Hi Mathias,
> > > I assume that the char[] returned form
> > > IndexableBinaryStringTools.encode is encoded in UTF-8 again
> > > and then stored. At some point the information is lost and
> > > cannot be recovered.
> >
> > Can you give an example? This should not happen.
>
> My character array returned by IndexableBinaryStringTools.encode looks
> like following:
>
> char[] encoded = new char[] {0, 8508, 3392, 64, 0, 8, 0, 0};
[...]
> BTW: I've tested it with EmbeddedSolrServer and Solr/Lucene trunk.
>
> Why has the string representation changed? From the changed string I
> cannot decode the correct ID.
Looks to me like the returned value is in a Solr-internal form of XML character
escaping: \u0000 is represented as "#0;" and \u0008 is represented as "#8;".
(The escaping code is in solr/src/java/org/apache/common/util/XML.java.)
You can get the value back in its original binary form by unescaping the
/#[0-9]+;/ format.

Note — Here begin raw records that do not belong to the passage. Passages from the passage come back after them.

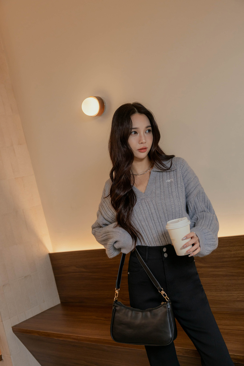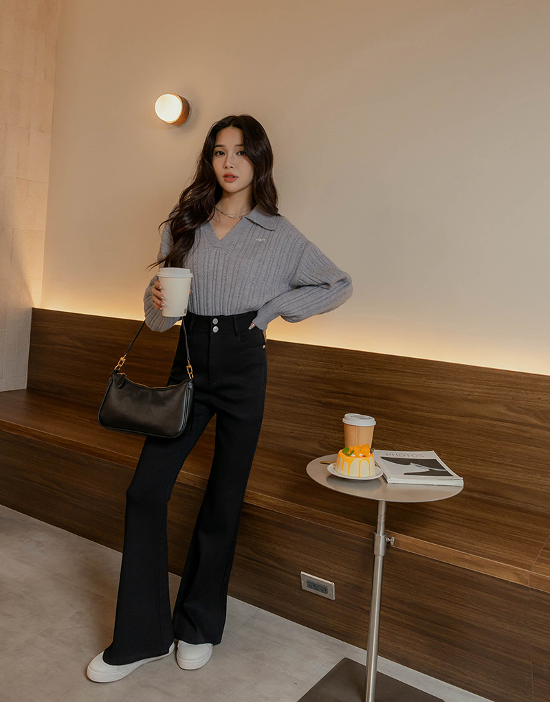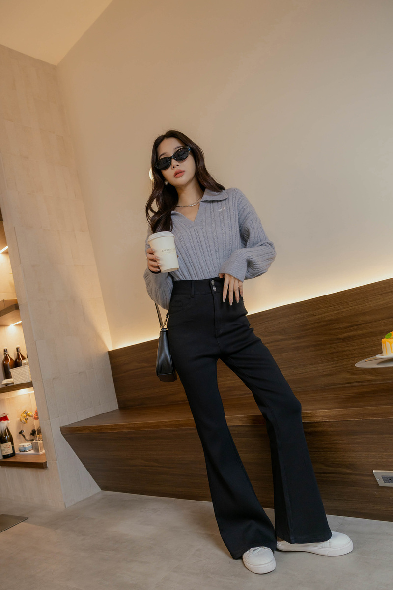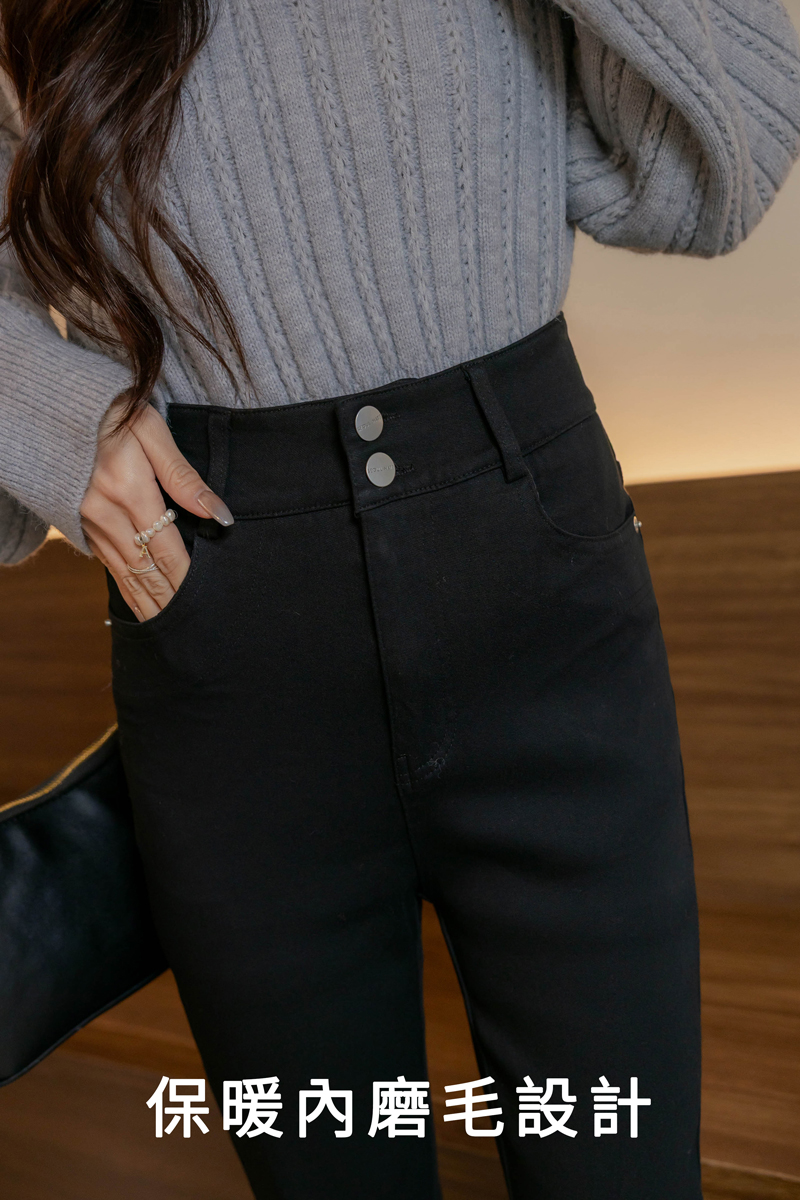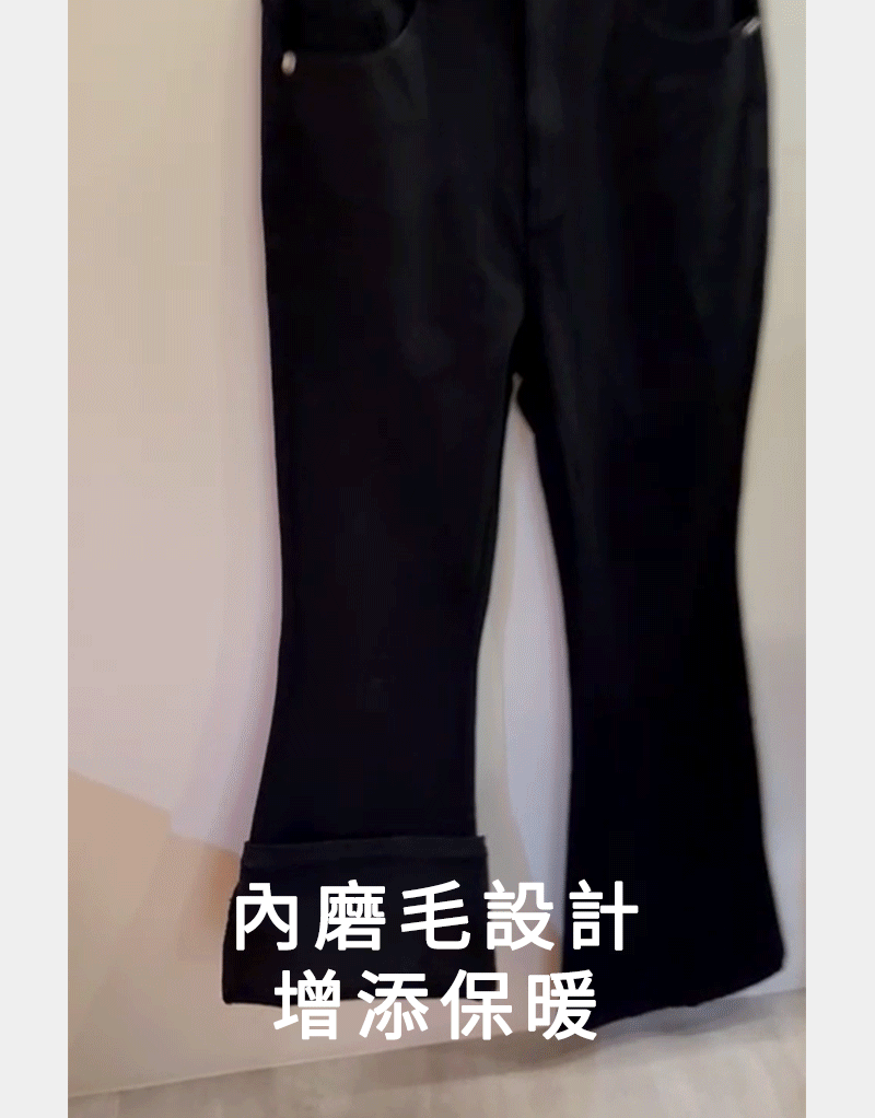 -5KG內磨毛雙釦收腹小喇叭黑褲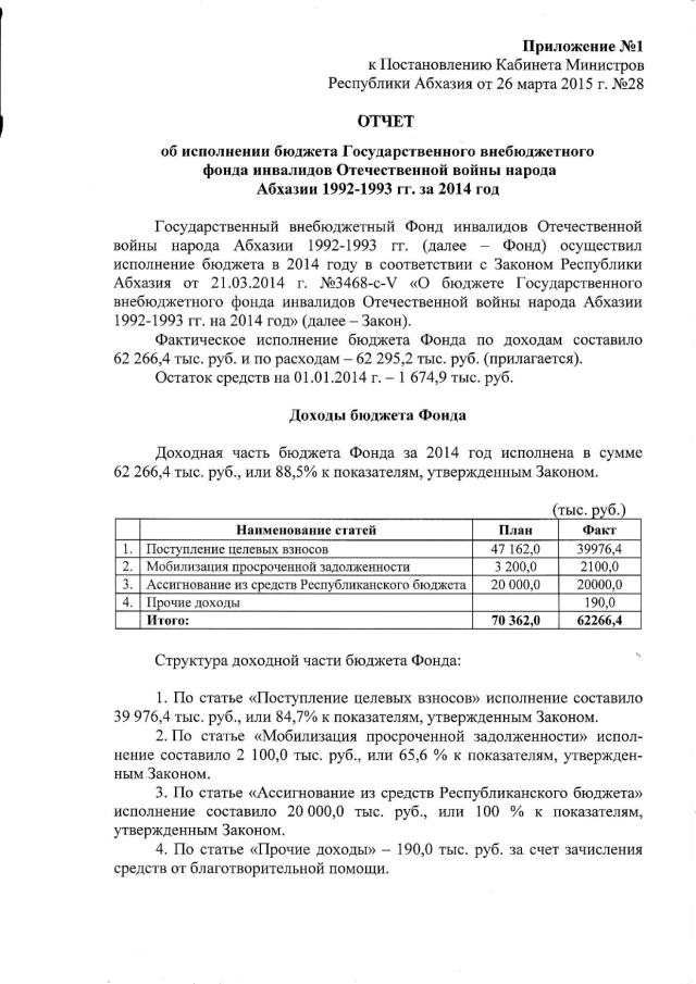 Постановление Кабинета Министров Республики Абхазия от 26.03.2015 № 28 "Об исполнении бюджета Государственного внебюджетного фонда инвалидов Отечественной войны народа Абхазии 1992-1993 гг. за 2014 год"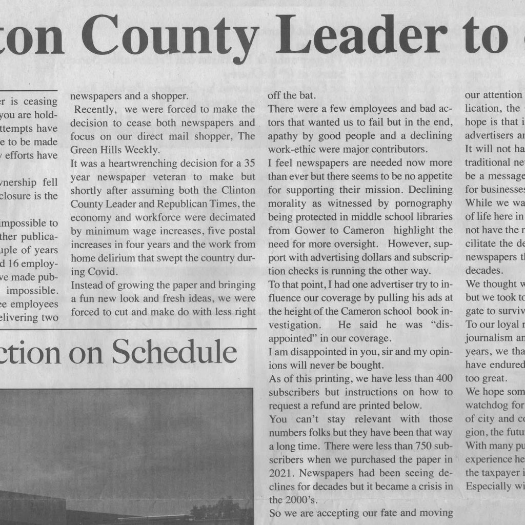 The Cameron Citizen-Observer and the Clinton County Leader both know who threatened to pull advertising dollars if they didn’t make the school district problems “go away.”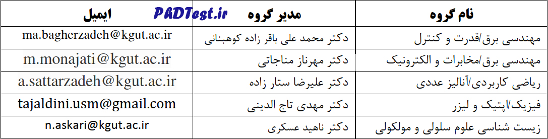 جدول ۳: اطلاعات مدیران گروههای پذیرنده دانشجوی دکتری دانشگاه تحصیلات تکمیلی صنعتی و فناوری پیشرفته کرمان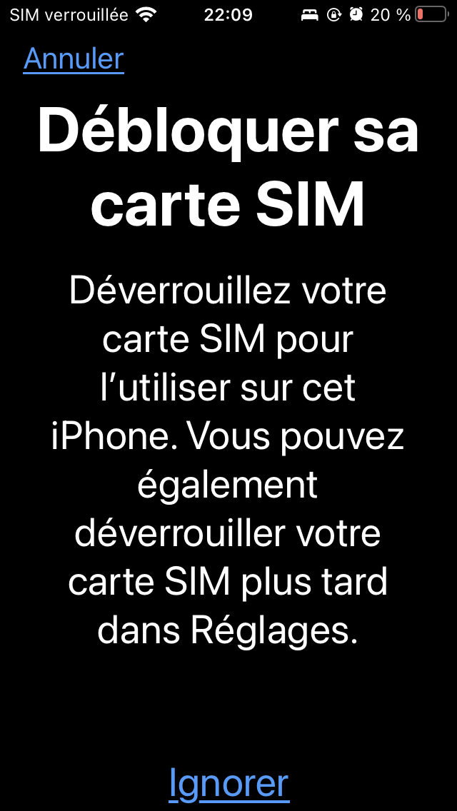 après installation d'IOS 16, je rentre le code de mon Iphone et puis vient la page pour saisir le code SIM. Or apparait une annonce: Débloquer sa carte SIM. Déverrouillez votre carte SIM pour utiliser cette iPhone. Vous pouvez également déverrouiller votre carte SIM plus tard dans Réglages. Pas moyen de saisir de code, parcontre il y a une touche en bleu pour 'ignorer' puis apparait une page pour modère le code SIM, mais tout est 'grisé'. .cf photos jointes

Here is a test illustrating this fix that I added to
SolrExampleTests, then ran from SolrExampleEmbeddedTest:
==============
@Test
public void testIndexableBinary() throws Exception {
// Empty the database...
server.deleteByQuery( "*:*" );// delete everything!
server.commit();
assertNumFound( "*:*", 0 ); // make sure it got in
byte[] binary = new byte[]
{ (byte)0, (byte)0, (byte)0x84, (byte)0xF0, (byte)0x6A, (byte)0,
(byte)4, (byte)0, (byte)0, (byte)0, (byte)2, (byte)0 };
int encodedLen = IndexableBinaryStringTools.getEncodedLength
(binary, 0, binary.length);
char encoded[] = new char[encodedLen];
IndexableBinaryStringTools.encode
(binary, 0, binary.length, encoded, 0, encoded.length);
final String encodedString = new String(encoded);
log.info("Encoded: " + stringToIntSequence(encodedString));
// Expected encoded: { 0, 8508, 3392, 64, 0, 8, 0, 0 }
String expectedEncoded = "\u0000\u213C\u0D40\u0040\u0000\u0008\u0000\u0000";
assertEquals(stringToIntSequence(expectedEncoded),
stringToIntSequence(encodedString));
SolrInputDocument doc = new SolrInputDocument();
doc.addField("id", encodedString);
server.add(doc);
server.commit();
SolrQuery query = new SolrQuery();
query.setQuery("*:*");
QueryResponse rsp = server.query(query);
SolrDocument retrievedDoc = rsp.getResults().get(0);
String retrievedEncoded = (String)retrievedDoc.getFieldValue("id");
String unescapedRetrievedEncoded =
unescapeSolrXMLEscaping(retrievedEncoded);
assertEquals(stringToIntSequence(encodedString),
stringToIntSequence(unescapedRetrievedEncoded));
}
String stringToIntSequence(String str) {
StringBuilder builder = new StringBuilder();
for (int chnum = 0 ; chnum < str.length() ; ++chnum) {
if (chnum > 0) {
builder.append(", ");
}
builder.append((int)str.charAt(chnum))
.append(" (").append(str.charAt(chnum)).append(")");
}
return builder.toString();
}
String unescapeSolrXMLEscaping(String escaped) {
StringBuffer unescaped = new StringBuffer();
Matcher matcher = Pattern.compile("#(\\d+);").matcher(escaped);
while (matcher.find()) {
String replacement = String.format
("%c",(char)Integer.parseInt(matcher.group(1)));
matcher.appendReplacement(unescaped, replacement);
}
matcher.appendTail(unescaped);
return unescaped.toString();
}
==============
Steve